What does this have to do with Hunter and, thus, with the state of American politics?
Buttigieg is sharp, sharp, sharp and totally at home talking about his religious faith, as a Christian liberal who began life as a Catholic and has enthusiastically switched over to The Episcopal Church. I’d bet the moon and the stars that he is well aware that his main arguments — theologically speaking — are not with the “Mike Pences of this world” but with, oh, Pope Frances, the Catholic Catechism and 2,000 years of basic Christian doctrines about marriage and sexuality.
Ah, but that’s all a matter of “revealed,” “transcendent” ancient doctrines backed with centuries of truth claims linked to the Holy Spirit, the nature of church, the Bible, the ecumenical councils, etc. That’s the “orthodox” camp.
What is the heart of the Buttigieg message?
That would be his own life, his own experience, his own revelations that trump old doctrines. He has a story to tell and it’s his story. That is the fervent heart of the “progressive” world, the large chunk of our national life that I have for years called “Oprah America.”
Check out these passages in a New York Times report on Buttigieg’s faith appeal, a feature that is — trigger warning: incoming compliment — surprisingly complicated and sort-of balanced. The headline: “Pete Buttigieg, Gay and Christian, Challenges Religious Right on Their Own Turf.”
Yes, I know. Is the Catholic Catechism the “Religious Right”? How about Global South Christians in Asia and Africa? Never mind. Let’s continue, with this key summary passage:
Though many conservatives were initially reluctant to engage Mr.

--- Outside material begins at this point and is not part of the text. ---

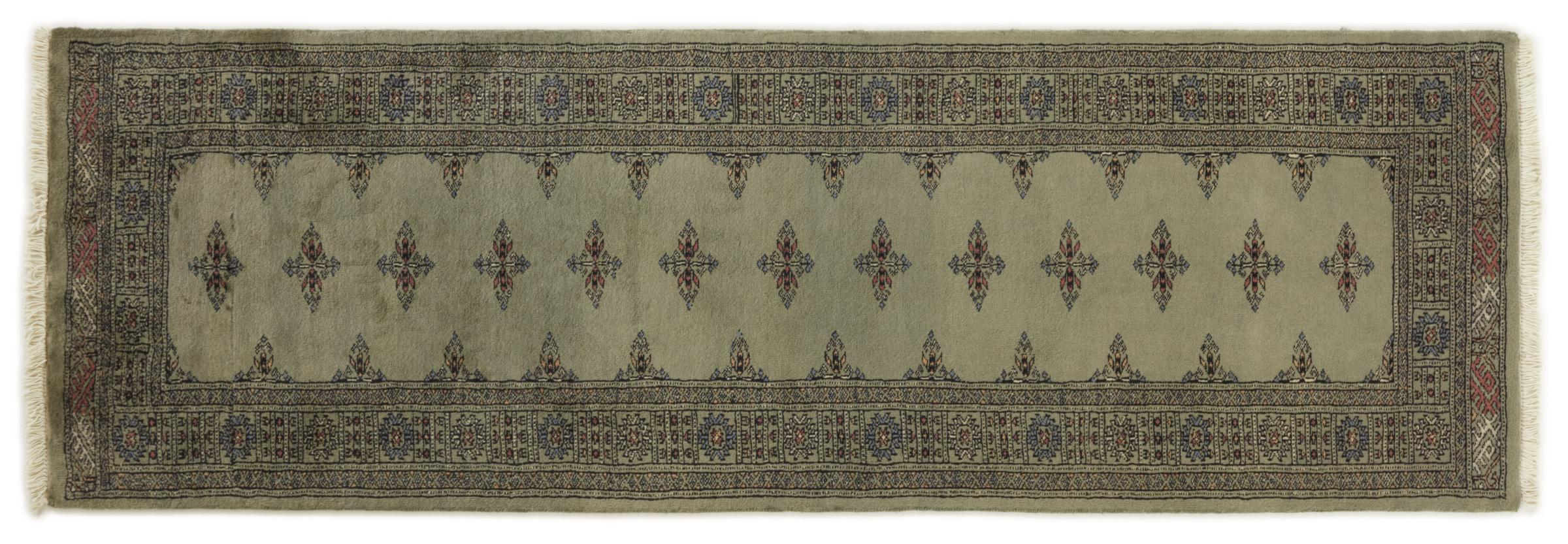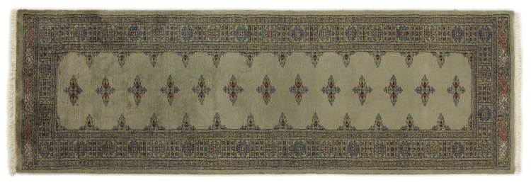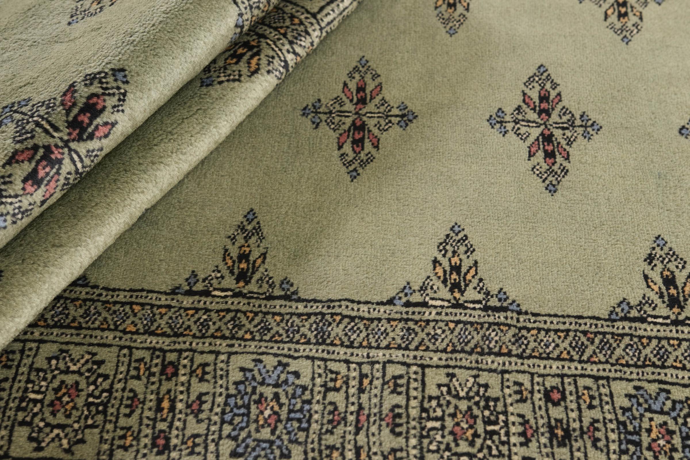 Una gran parte de la producción de alfombras pakistaníes tiene lugar en las ciudades de Lahore y Karachi y sus alrededores. Muchos de los tejedores de alfombras de esa época huyeron a Pakistán durante la guerra con la India y se establecieron allí. Hoy en día, se conocen especialmente las alfombras anudadas a mano de Pakistán Bukhara. Al igual que las alfombras orientales afganas, las alfombras paquistaníes también son de colores oscuros y en su mayoría tienen tonos rojos. También el conocido patrón de pata de elefante (patrón octogonal repetido) se puede encontrar en un pakistaní.
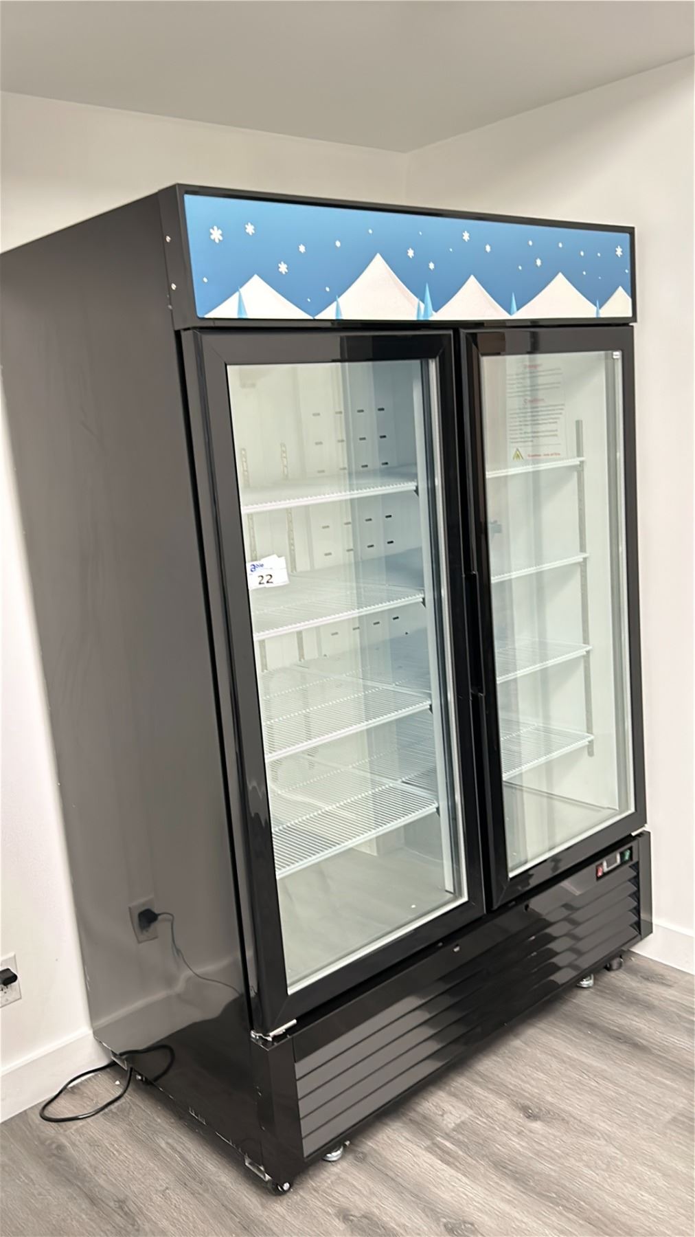 GLASS DOUBLE DOOR FREEZER. EXCELLENT LIKE NEW CONDITION. MODEL F2-54GDVC MFG 2021 *ITEM LOCATED OFFSITE - VANCOUVER ISLAND, NANAIMO*

Buttigieg because they feared it would only add to his growing stature as a 2020 contender, they jumped on his latest comments. Some suggested he was attacking the vice president to further raise his profile. Others challenged Mr. Buttigieg’s understanding of Christianity and accused him of smearing the religious convictions of the very people he wants to win over.

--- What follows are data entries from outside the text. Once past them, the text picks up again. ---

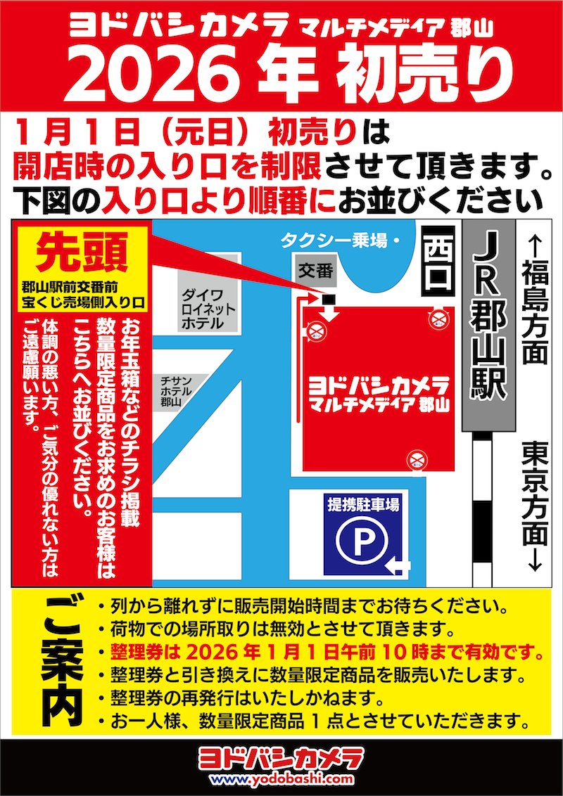 2025年もヨドバシ郡山をご利用いただき ありがとうございます🙇 新春初売りは元日8時~ 夢のお年玉箱やお買得な商品を 多数ご用意しております✨ 店頭に並ばれる場合は宝くじ売り場側から 詳細は画像をご確認ください👇 2026年もよろしくお願いいたします❗️
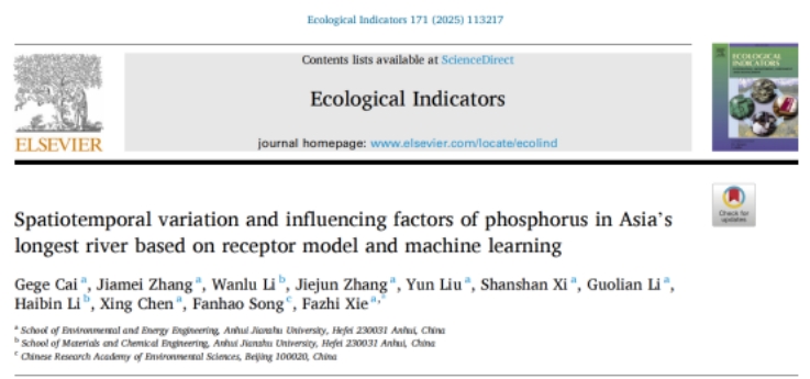 本网讯 近日,beat365官网环境与能源工程学院博士研究生蔡格格同学作为第一作者在环境领域中科院一区TOP期刊《Ecological Indicators》在线发表了题为“Spatiotemporal variation and influencing factors of phosphorus in Asia’slongest river based on receptor model and machine learning”的科研论文,beat365在线唯一官网环境与能源工程学院为论文的第一完成单位和通讯单位。
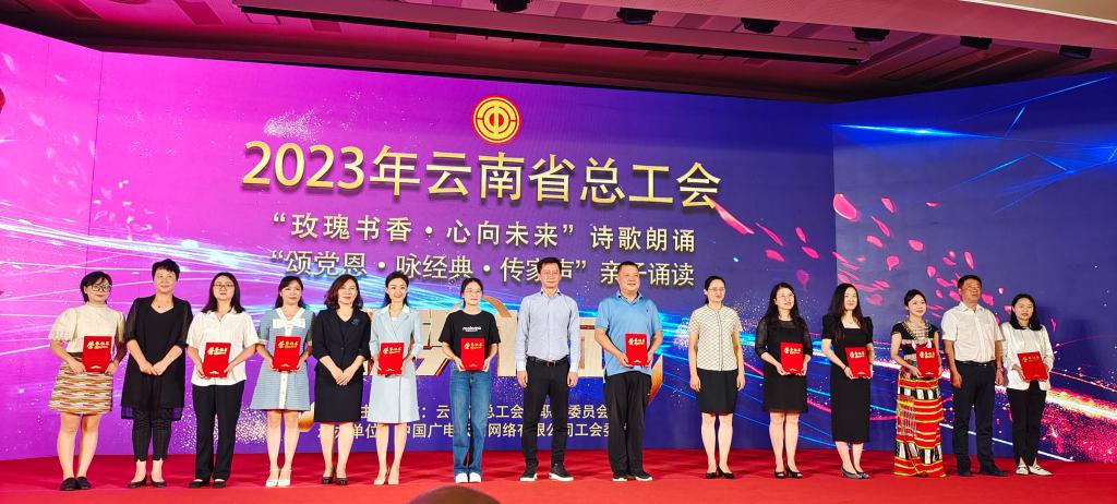 8月8日,2023年云南省总工会“玫瑰书香·心向未来”诗歌朗诵比赛和“颂党恩·咏经典·传家声”亲子诵读颁奖仪式暨展演活动在昆明新闻中心演播大厅举行。
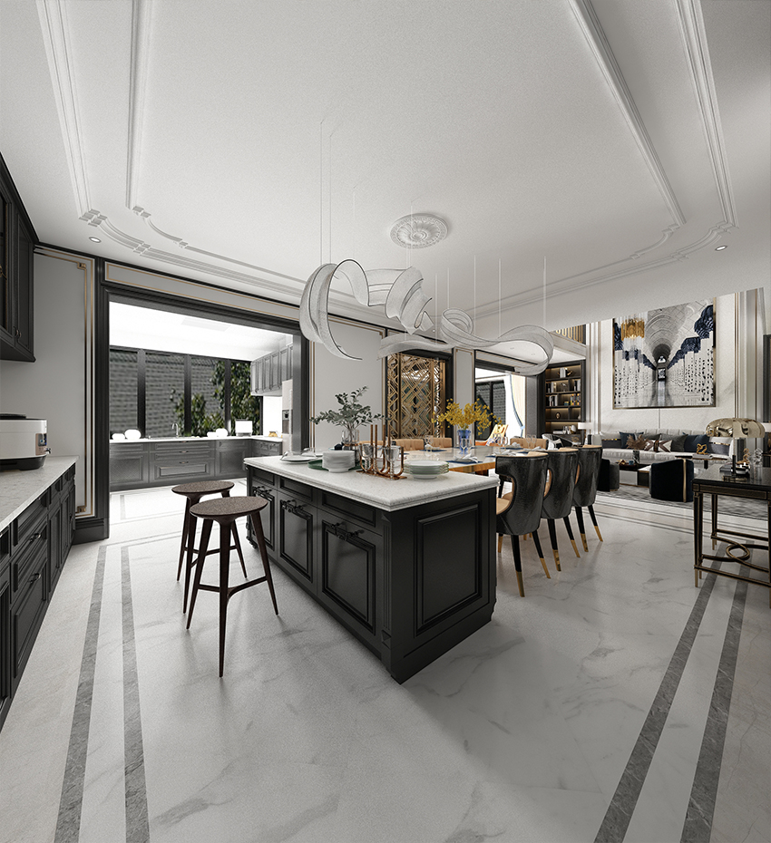 本案整体表现为法式轻奢,业主是一名成功女性有多家公司 对精致的东西很有研究。本案以法式雕花元素和金属去融合搭配,偏向于现代。因为房子比较大,在布局人的动向做了很多调整,设计里有很多都是双向通道,增加房子内部的一个流动性。
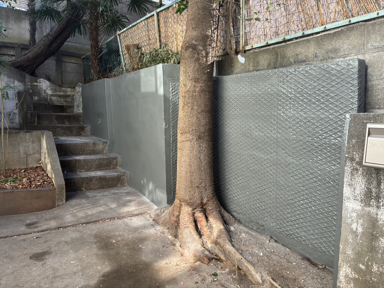 - 高さ2m前後の擁壁の上に、さらにブロック塀やフェンスを足している

A devoted Episcopalian who fluidly quotes Scripture and married his husband, Chasten, in a church service last year, Mr. Buttigieg is making the argument that marriage is a “moral issue.” In a speech on Sunday to the Victory Fund, a group that supports gay, lesbian, bisexual and transgender politicians, he said his relationship had made him “more compassionate, more understanding, more self-aware and more decent.”

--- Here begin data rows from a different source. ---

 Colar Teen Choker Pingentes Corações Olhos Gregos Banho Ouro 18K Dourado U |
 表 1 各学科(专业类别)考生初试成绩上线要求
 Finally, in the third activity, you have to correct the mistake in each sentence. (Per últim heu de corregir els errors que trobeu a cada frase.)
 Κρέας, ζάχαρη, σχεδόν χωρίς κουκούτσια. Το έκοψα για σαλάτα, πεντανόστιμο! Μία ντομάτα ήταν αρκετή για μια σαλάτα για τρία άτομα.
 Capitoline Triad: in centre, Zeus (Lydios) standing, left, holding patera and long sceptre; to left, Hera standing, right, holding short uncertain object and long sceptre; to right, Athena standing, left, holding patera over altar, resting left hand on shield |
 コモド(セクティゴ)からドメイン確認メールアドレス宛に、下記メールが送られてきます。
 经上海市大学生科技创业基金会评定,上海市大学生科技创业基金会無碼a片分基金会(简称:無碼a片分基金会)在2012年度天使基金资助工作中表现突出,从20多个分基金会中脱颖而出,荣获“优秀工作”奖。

He then directly addressed Mr. Pence, as one man of faith talking to another: “And yes, Mr. Vice President, it has moved me closer to God.”
Why argue with Pence?
That’s a simple question: That allows Buttigieg to scratch at the festering wound called Donald Trump, a train wreck of a man — at the level of personal ethics and morality — who is drives lots of evangelicals crazy (including some who reluctantly voted for him).
So, whenever Buttigieg says “Pence,” think “people who compromise on their faith to back You Know Who.”
Here’s another interesting chunk of the Times piece.
Mr. Buttigieg has provoked a mixture of concern, derision and faint admiration from conservatives. Some built him up early as an undeniable but stealth force in the race. Rush Limbaugh warned his listeners that someone as articulate, personal and seemingly reasonable as Mr. Buttigieg would be a strong opponent. Ben Shapiro, the writer and podcast host, argued that he was the candidate who could most likely beat Mr. Trump. “Really. He’s not crazy, he’s from the Rust Belt, he served in Afghanistan,” Mr. Shapiro wrote on Twitter.
But this week provided a moment of clarity on the right, and the backlash was a reminder of how galvanizing religion and homosexuality can be when evangelicals and other conservatives of faith are convinced that their values are under attack. This sentiment, which was stoked by Mr. Trump and his allies in the Christian right in 2016, was a major factor in the president’s huge margins with white evangelicals.
Wait for it.
Eighty-one percent voted for him, compared with 16 percent for Hillary Clinton.
Oh well, whatever, never mind. It’s safe to say that this news story has legs.